ひろゆきさんは「バカなんだから」とか「バカには構わないほうがいい」とか「○○する人はバカ」だとか、そんな言い方をすることが良くあります。これはあくまでもネットの切り抜き動画を見ての感想ですが、以下のような人のことをバカと呼んでいるようです。

ひろゆき流、バカの3大要素

  • 現実をみていない人
  • 情報を集めていない人
  • 相手を観察していない人

それぞれ見ていきましょう。

現実を見ていない人

ひろゆきさんは何かを語るときのベースとして、必ず「現実」からスタートします。例えば、社会に不満を持っている人へのアドバイスなどは、そもそも期待をしすぎているし、頭の中に理想像があるからいけないのだ、という結論になることが多いです。ひたすら現実を見て、変えられるのは自分の考えと行動であるというアドバイスに終始しています。

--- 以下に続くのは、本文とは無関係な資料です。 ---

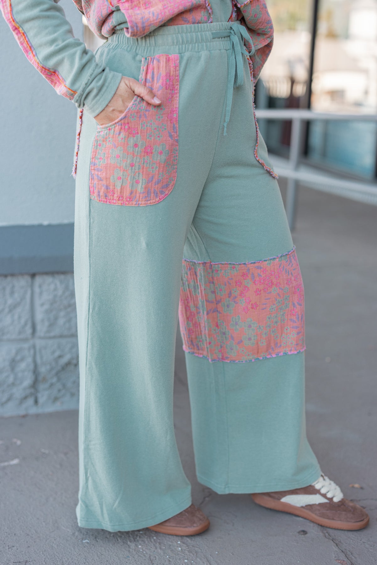 Embrace cozy charm with these sage green French terry knit pants, featuring playful frayed floral gauze patches in pink, lavender, peach, and mint. The drawstring elastic waistband adds a classic touch, while the wide legs bring a fun, whimsical vibe. Perfect for adding a splash of color and comfort to your everyday look! Pair with matching top for a trendy but super comfy outfit!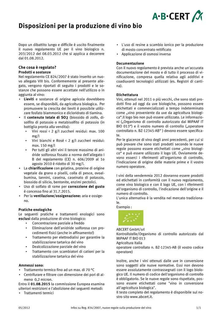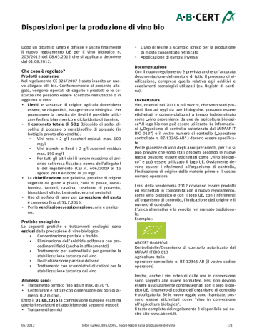 Disposizioni per la produzione di vino bio Dopo un dibattito lungo e difficile è uscito finalmente il nuovo regolamento UE per il vino biologico n. 203/2012 del 08.03.2012 che si applica a decorrere dal 01.08.2012. Che cosa è regolato? Prodotti e sostanze Nel regolamento CE 824/2007 è stato inserito un nuovo allegato VIII bis. Conformemente al presente allegato, vengono riportati di seguito i prodotti e le sostanze che possono essere accettate nell'utilizzo o in aggiunta al vino: • Lieviti e sostanze di origine agricola dovrebbero essere, se disponibili, da agricoltura biologica. Per promuovere la crescita dei lieviti è possibile utilizzare fosfato biammonico e dicloridrato di tiamina. • Il contenuto totale di SO2 (biossido di zolfo, disolfito di potassio o metabisolfito di potassio (in bottiglia pronta alla vendita): • Vini rossi < 2 g/l zuccheri residui: max. 100 mg/l • Vini bianchi e Rosé < 2 g/l zuccheri residui: max. 150 mg/l • Per tutti gli altri vini il tenore massimo di anidride solforosa fissato a norma dell'allegato I B del regolamento (CE) n. 606/2009 al 1o agosto 2010 è ridotto di 30 mg/l. • La chiarificazione con gelatina, proteine di origine vegetale da grano o piselli, colla di pesce, ovoalbumina, tannini, caseina, caseinato di potassio, biossido di silicio, bentonite, enzimi pectolici. • Uso di solfato di rame per correzzione del gusto è concesso fino al 31.7.2015. • Per la ventilazione/ossigenazione: aria e ossigeno. Pratiche enologiche Le seguenti pratiche e trattamenti enologici sono esclusi dalla produzione di vino biologico: • Concentrazione parziale a freddo • Eliminazione dell'anidride solforosa con procedimenti fisici (anche in affinamento!) • Trattamento per elettrodialisi per garantire la stabilizzazione tartarica del vino • Dealcolizzazione parziale del vino • Trattamento con scambiatori di cationi per la stabilizzazione tartarica del vino Ammessi sono: • Trattamento termico fino ad un max. di 70 °C • Centrifurare e filtrare con dimensione dei pori di almeno 0,2 micron. Entro il 01.08.2015 la commissione Europea esamina ulteriori restrizioni e l'abolizione dei seguenti metodi: • Trattamenti termici 05/2012 • L'uso di resine a scambio ionico per la produzione di mosto concentrato rettificato • Applicazione di osmosi inversa Documentazione Con il nuovo regolamento è prevista anche un'accurata documentazione del mosto e di tutto il processo di vinificazione, compresa quella relativa agli additivi e coadiuvanti tecnologici utilizzati (es. Registri di cantina). Etichettatura Vini, ottenuti nel 2011 o più vecchi, che sono stati prodotti fino ad oggi da uve biologiche, possono essere etichettati e commercializzati a tempo indeterminato come „vino proveniente da uve da agricoltura biologica“.Il logo bio non può essere utilizzato. Le informazioni („Organismo di controllo autorizzato dal MIPAAF IT BIO 013“) e il vostro numero di controllo („operatore controllato n. BZ-12345-AB“ ) devono essere specificate. Per le giacenze di vino degli anni precedenti, per cui si può provare che sono stati prodotti secondo le nuove regole possono essere etichettati come „vino biologico“ e può essere utilizzato il logo UE. Ovviamente devono esserci i riferimenti all'organismo di controllo, l'indicazione di origine delle materie prime e il vostro numero operatore. I vini della vendemmia 2012 dovranno essere prodotti ed etichettati in conformità con il nuovo regolamento, come vino biologico e con il logo UE, con i riferimenti all'organismo di controllo, l'indicazione dell'origine e il numero di controllo. L'unica alternativa è la vendita nel mercato tradizionale. Esempio : ABCERT GmbH/srl Kontrollstelle/Organismo di controllo autorizzato dal MIPAAF IT BIO 013 Agricoltura Italia operatore controllato n. BZ-12345-AB (il vostro codice operatore) Inoltre, anche i vini ottenuti dalle uve in conversione sono soggetti alle nuove normative. Essi non devono essere assolutamente contrassegnati con il logo biologico UE. Il numero di codice dell'organismo di controllo è obbligatorio. Se le nuove regole sono rispettate, possono essere etichettati come "vino in conversione all'agricoltura biologica". Il testo completo del regolamento è disponibile sul nostro sito www.abcert.it. Infos su Reg. 834/2007, nuove regole sulla produzione del vino 1/1

社会的に地位が高い人との議論を見ていると、それを指摘することが多いです。彼らにはまず理想の姿が頭の中にあり、現実をそこまで引き上げようと考えていて、そんな議論の進め方をしますが、ひろゆきさんは「いや、実際問題○○ですよね。」と切り出します。2チャンネルの存在なんかまさにそれで、あの掲示板は、人間の生臭い現実が羅列されています。

情報を集めていない人

誰に何を聞けばいいのかわかっていない人、ネット検索でわかるようなことをわざわざ人に聞くような人のことをバカと呼ぶ傾向があります。ネットの発達によって確かに情報量は膨大なものになりましたが、そのことによってより情報格差、すなわち、情報を探してきて使える人と、情報の探し方すらわからない人の格差は広がっています。

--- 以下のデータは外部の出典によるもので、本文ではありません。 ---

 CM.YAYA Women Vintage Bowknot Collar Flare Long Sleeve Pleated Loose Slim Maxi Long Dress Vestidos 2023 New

そして、このネット社会で情報を得る手段がわからない人や、それをしようと努力しない人にややきつくあたる傾向があります。掲示板というまさに情報リテラシーが必要なものを運営している人の発言でしょう。

相手を観察していない人

誰が相手でも、同じように自分の主張や考えを押し付けようとする人に対して、異を唱えることが多い印象です。世の中には話が通じる人と全く通じない人がいて、その通じない人のことをバカというのではなく、通じない人に向かって何とかわからせようと無駄な努力をする人のことをバカと呼びます。これは現実を見ていない人と若干かぶる部分もありますが、人間に対する諦観した態度、冷めている態度と言えます。

バカにたいして本気になることのほうが、バカよりも何倍もバカだ、という考えです。

ひろゆきさん自身と議論の方法について

上記にあげたバカの3大要素をひろゆきさん自身は持っていないと私は判断しました。
ひろゆきさんは、難しい言葉を使ったり、現実とかけ離れた理想をあまり語りません。あくまでも自分が知っていることと、現実のみが彼の論拠になっています。
でも彼が対峙する知識人、特に偉いと言われる立場にある人は理想像やあるべき姿から議論を展開する人が多く、現実と理想との違いを指摘されると「実際にそういう仕組みなんだから仕方がないだろ」などと感情的に反発をします。でもひろゆきさんの回答は、間違った仕組みと分かっているのに、それを正そうとしなかったり、何も考えずに間違った仕組みに基づいて行動をするのはなぜなのか?問うものです。

とくに、「日本の企業のトップは無能な人が多い」という趣旨の発言は多くされていて、これは、その人が無能なのはどうでもいいことなんだけど、その無能である自覚がない人(要するにバカ)が責任の重い仕事をしているのはなぜなのか?という問いがあります。(ソクラテスの無知の知を相手に喚起する議論にとても似ています)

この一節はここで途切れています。